Let $A = \{1, 2, 3\}$. We are looking for relations on $A$ that contain $(1, 2)$ and $(2, 3)$, are reflexive and transitive, but not symmetric.

Since the relation is reflexive, it must contain $(1, 1)$, $(2, 2)$, and $(3, 3)$.

Since the relation contains $(1, 2)$ and $(2, 3)$ and is transitive, it must also contain $(1, 3)$.

So, the relation must contain the following pairs: $(1, 1)$, $(2, 2)$, $(3, 3)$, $(1, 2)$, $(2, 3)$, $(1, 3)$.

Now, we need to consider additional pairs that can be added to the relation without making it symmetric.

If we add $(2, 1)$, the relation becomes symmetric because we already have $(1, 2)$. If we add $(3, 2)$, the relation becomes symmetric because we already have $(2, 3)$. If we add $(3, 1)$, the relation becomes symmetric because we already have $(1, 3)$.

So, we can consider adding $(2, 1)$, $(3, 2)$, and $(3, 1)$ individually or in combinations.

Case 1: Add $(2, 1)$. The relation is $\{(1, 1), (2, 2), (3, 3), (1, 2), (2, 3), (1, 3), (2, 1)\}$. This is not transitive because $(2, 3)$ and $(3, 1)$ are in the relation, but $(2, 1)$ is. However, $(2,1)$ and $(1,3)$ are in the relation, but $(2,3)$ is. Also $(2,1)$ and $(1,2)$ are in the relation. This relation is not symmetric because $(2,3)$ is in the relation but $(3,2)$ is not. It is not transitive because $(2,1)$ and $(1,3)$ are in the relation but $(2,3)$ is. So this case is not valid.

Case 2: Add $(3, 2)$. The relation is $\{(1, 1), (2, 2), (3, 3), (1, 2), (2, 3), (1, 3), (3, 2)\}$. This is not symmetric because $(1, 2)$ is in the relation but $(2, 1)$ is not. It is transitive because $(3, 2)$ and $(2, 3)$ are in the relation, so $(3, 3)$ is in the relation. Also, $(1, 2)$ and $(2, 3)$ are in the relation, so $(1, 3)$ is in the relation. Also, $(3, 2)$ and $(2, 2)$ are in the relation, so $(3, 2)$ is in the relation. Also, $(1, 3)$ and $(3, 2)$ are not in the relation. So this case is valid.

Case 3: Add $(3, 1)$. The relation is $\{(1, 1), (2, 2), (3, 3), (1, 2), (2, 3), (1, 3), (3, 1)\}$. This is not symmetric because $(1, 2)$ is in the relation but $(2, 1)$ is not. It is not transitive because $(2, 3)$ and $(3, 1)$ are in the relation, but $(2, 1)$ is not. So this case is not valid.

Case 4: Add $(2, 1)$ and $(3, 2)$. The relation is $\{(1, 1), (2, 2), (3, 3), (1, 2), (2, 3), (1, 3), (2, 1), (3, 2)\}$. This is not transitive because $(3, 2)$ and $(2, 1)$ are in the relation, but $(3, 1)$ is not. So this case is not valid.

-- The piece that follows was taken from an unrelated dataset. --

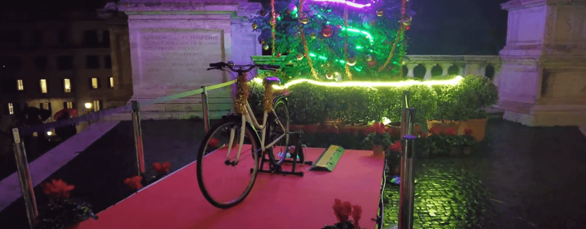 Tako je glavna novogodišnja jelka ispred zgrade rimske gradske većnice na Piazzi del Campidoglio ove godine osvetljena pomoću bicikala koji generišu napajanje.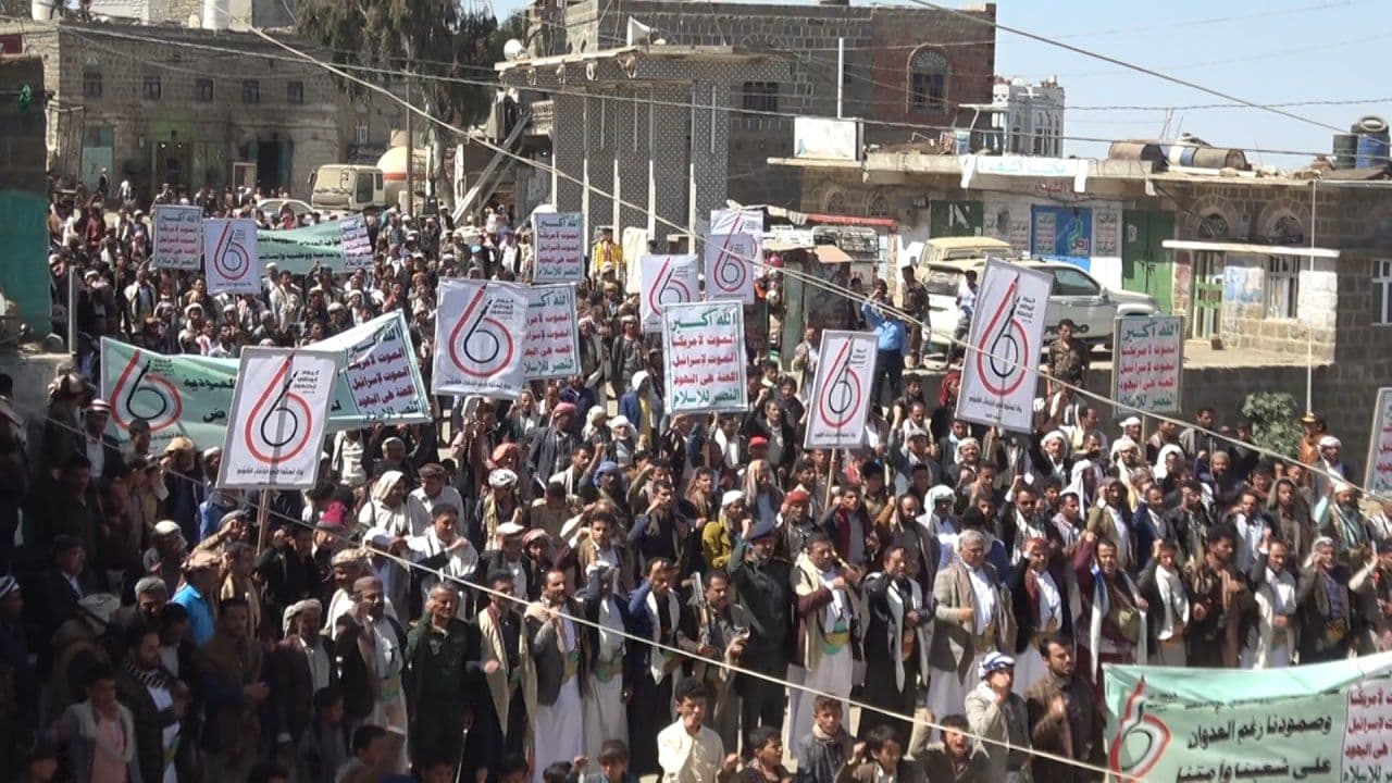 ورفع المشاركون في المسيرة اللافتات ورددوا الشعارات المستنكرة استمرار العدوان الأمريكي السعودي والحصار على الشعب اليمني منذ ست سنوات.

Case 5: Add $(2, 1)$ and $(3, 1)$. The relation is $\{(1, 1), (2, 2), (3, 3), (1, 2), (2, 3), (1, 3), (2, 1), (3, 1)\}$. This is not transitive because $(2, 3)$ and $(3, 1)$ are in the relation, but $(2, 1)$ is not. So this case is not valid.

Case 6: Add $(3, 2)$ and $(3, 1)$. The relation is $\{(1, 1), (2, 2), (3, 3), (1, 2), (2, 3), (1, 3), (3, 2), (3, 1)\}$. This is transitive. It is not symmetric. So this case is valid.

Case 7: Add $(2, 1)$, $(3, 2)$, and $(3, 1)$. The relation is $\{(1, 1), (2, 2), (3, 3), (1, 2), (2, 3), (1, 3), (2, 1), (3, 2), (3, 1)\}$. This is not transitive because $(3, 2)$ and $(2, 1)$ are in the relation, but $(3, 1)$ is. So this case is not valid.

The valid cases are Case 2 and Case 6. Therefore, there is only 1 such relation.